Directions →
Would you restate the listing word for word, with the images omitted?

Information supplied →
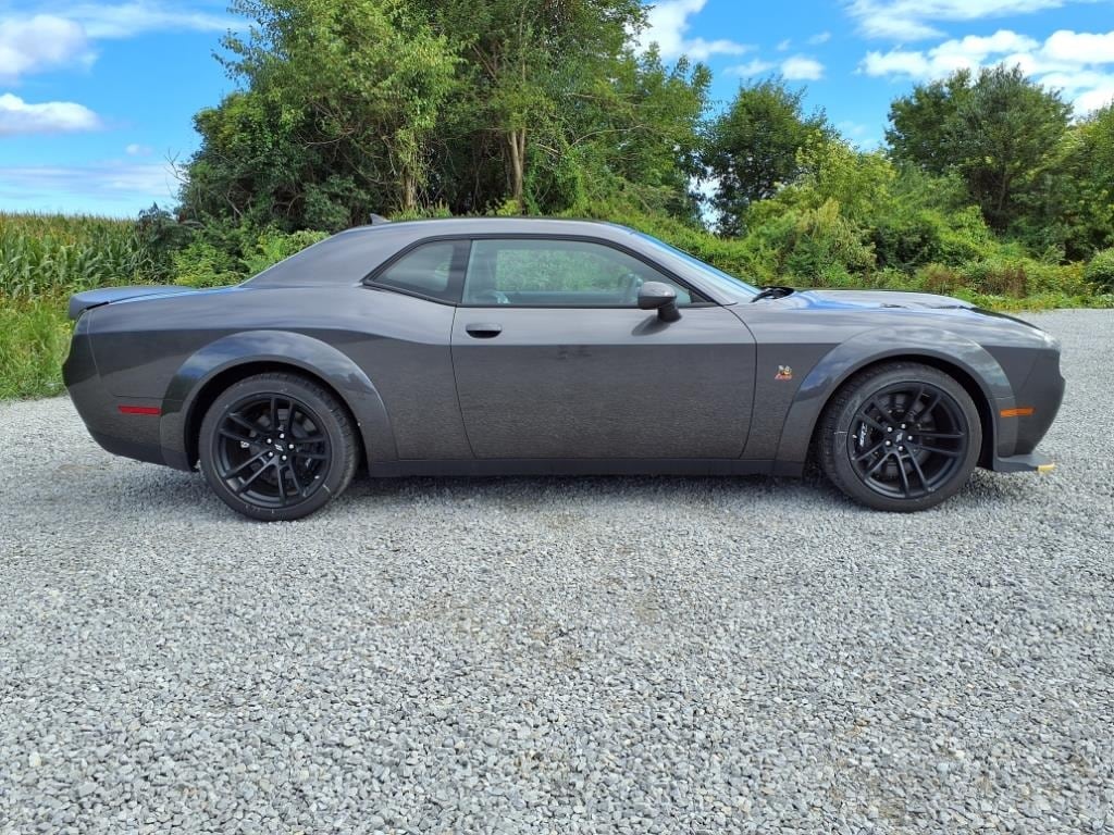 2023 Granite Crystal Metallic Clearcoat Dodge Challenger R/T Scat Pack Widebody SRT HEMI 6.4L V8 MDS RWD This Dodge Challenger has many features and is well equipped including, 18 Speakers Premium Audio System, Adaptive Damping Suspension, Auto High Beam Headlamp Control, Black-Edged Premium Floormats, Brembo 6-Pot Fixed Front Caliper Brakes, Exterior Mirrors w/Heating Element, Flat-Bottom Steering Wheel, GPS Navigation, harman/kardon Audio Group w/Subwoofer, harman/kardon GreenEdge Amp, Heated Front Seats, Heated Steering Wheel, High-Intensity Discharge Headlamps, Performance Shift Indicator, Plus Package, Power Multi-Function Foldaway Mirrors, Power Tilt/Telescope Steering Column, Premium-Stitched Dash Panel, Quick Order Package 24N R/T Scat Pack Widebody, Radio/Driver Seat/Mirrors Memory, Rain Sensitive Windshield Wipers, Rhombi 2-Pc Wheel Center Cap, Scat Pack Logo Nappa/Alcantara Seat, Surround Sound, Technology Group (DISC), Trunk Mounted Subwoofer, Ventilated Front Seats, Wheels: 20" x 11.0" Carbon Black Aluminum, Widebody Competition Suspension, Widebody Fender Flares.
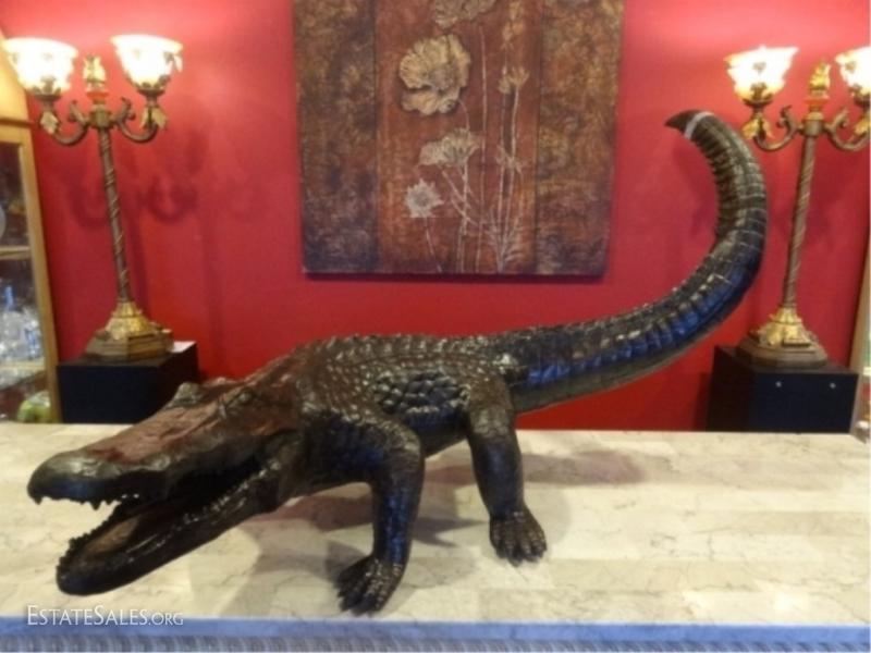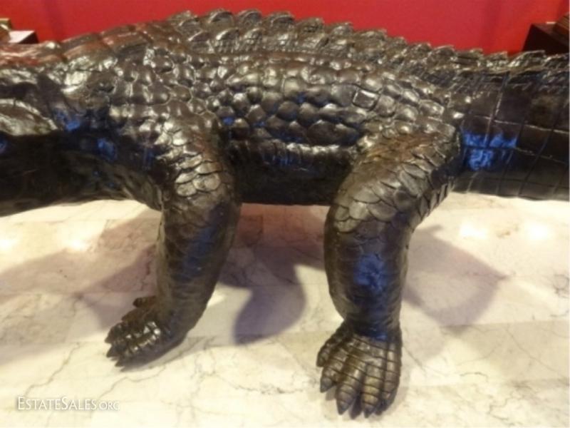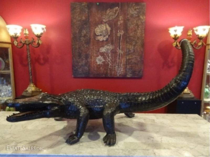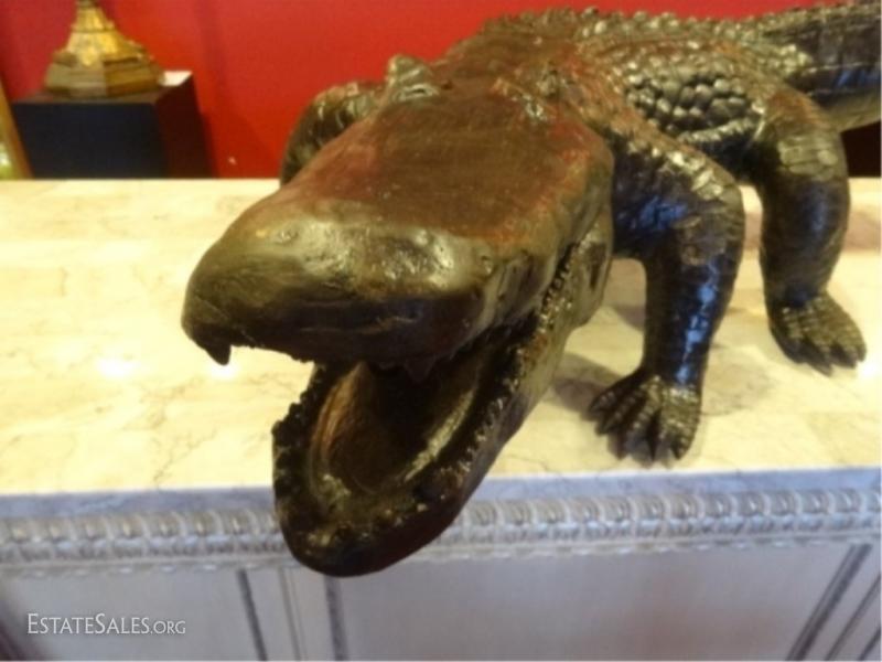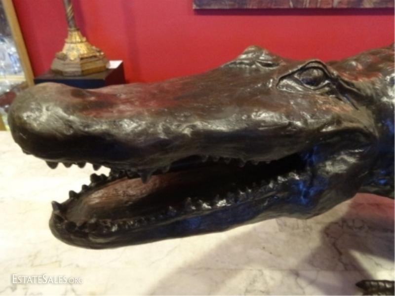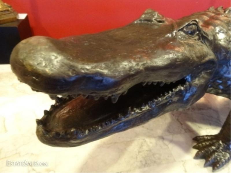 LOT 127A: LARGE BRONZE ALLIGATOR SCULPTURE, PLUMBED FOR OPTIONAL USE AS FOUNTAIN WITH WATER FLOWING FROM MOUTH, NEW NEVER USED, 42"W
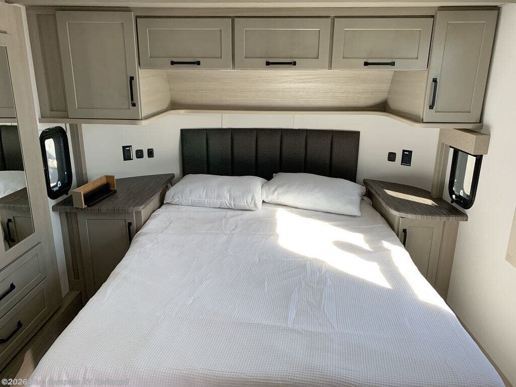 Spend your days at the campground kicking up mud with this toy hauler in tow! once you've unloaded your toys from the ramp door, you can use the 60 gallon fuel station to fill up and head out on a trail! The overhead bed provides a place for guests to sleep, and there is an optional Liftsuite System for more sleeping space if needed. There is even an optional half bath here if you choose to make this space more accommodating. Head to the middle kitchen and living area where you'll enjoy generous counter space to prep meals, a spacious 20 cu. ft. refrigerator, an L-shaped sofa with recline, plus a hybrid desk/dinette that will serve as a dining or working space. The dual entry bath creates a front master bedroom you are sure to love. There is a queen bed with an optional king bed, plenty of overhead storage, and a wardrobe slide to keep your things organized.

Solution to this exercise →
 2023 Granite Crystal Metallic Clearcoat Dodge Challenger R/T Scat Pack Widebody SRT HEMI 6.4L V8 MDS RWD This Dodge Challenger has many features and is well equipped including, 18 Speakers Premium Audio System, Adaptive Damping Suspension, Auto High Beam Headlamp Control, Black-Edged Premium Floormats, Brembo 6-Pot Fixed Front Caliper Brakes, Exterior Mirrors w/Heating Element, Flat-Bottom Steering Wheel, GPS Navigation, harman/kardon Audio Group w/Subwoofer, harman/kardon GreenEdge Amp, Heated Front Seats, Heated Steering Wheel, High-Intensity Discharge Headlamps, Performance Shift Indicator, Plus Package, Power Multi-Function Foldaway Mirrors, Power Tilt/Telescope Steering Column, Premium-Stitched Dash Panel, Quick Order Package 24N R/T Scat Pack Widebody, Radio/Driver Seat/Mirrors Memory, Rain Sensitive Windshield Wipers, Rhombi 2-Pc Wheel Center Cap, Scat Pack Logo Nappa/Alcantara Seat, Surround Sound, Technology Group (DISC), Trunk Mounted Subwoofer, Ventilated Front Seats, Wheels: 20" x 11.0" Carbon Black Aluminum, Widebody Competition Suspension, Widebody Fender Flares.
 LOT 127A: LARGE BRONZE ALLIGATOR SCULPTURE, PLUMBED FOR OPTIONAL USE AS FOUNTAIN WITH WATER FLOWING FROM MOUTH, NEW NEVER USED, 42"W
 Spend your days at the campground kicking up mud with this toy hauler in tow! once you've unloaded your toys from the ramp door, you can use the 60 gallon fuel station to fill up and head out on a trail! The overhead bed provides a place for guests to sleep, and there is an optional Liftsuite System for more sleeping space if needed. There is even an optional half bath here if you choose to make this space more accommodating. Head to the middle kitchen and living area where you'll enjoy generous counter space to prep meals, a spacious 20 cu. ft. refrigerator, an L-shaped sofa with recline, plus a hybrid desk/dinette that will serve as a dining or working space. The dual entry bath creates a front master bedroom you are sure to love. There is a queen bed with an optional king bed, plenty of overhead storage, and a wardrobe slide to keep your things organized.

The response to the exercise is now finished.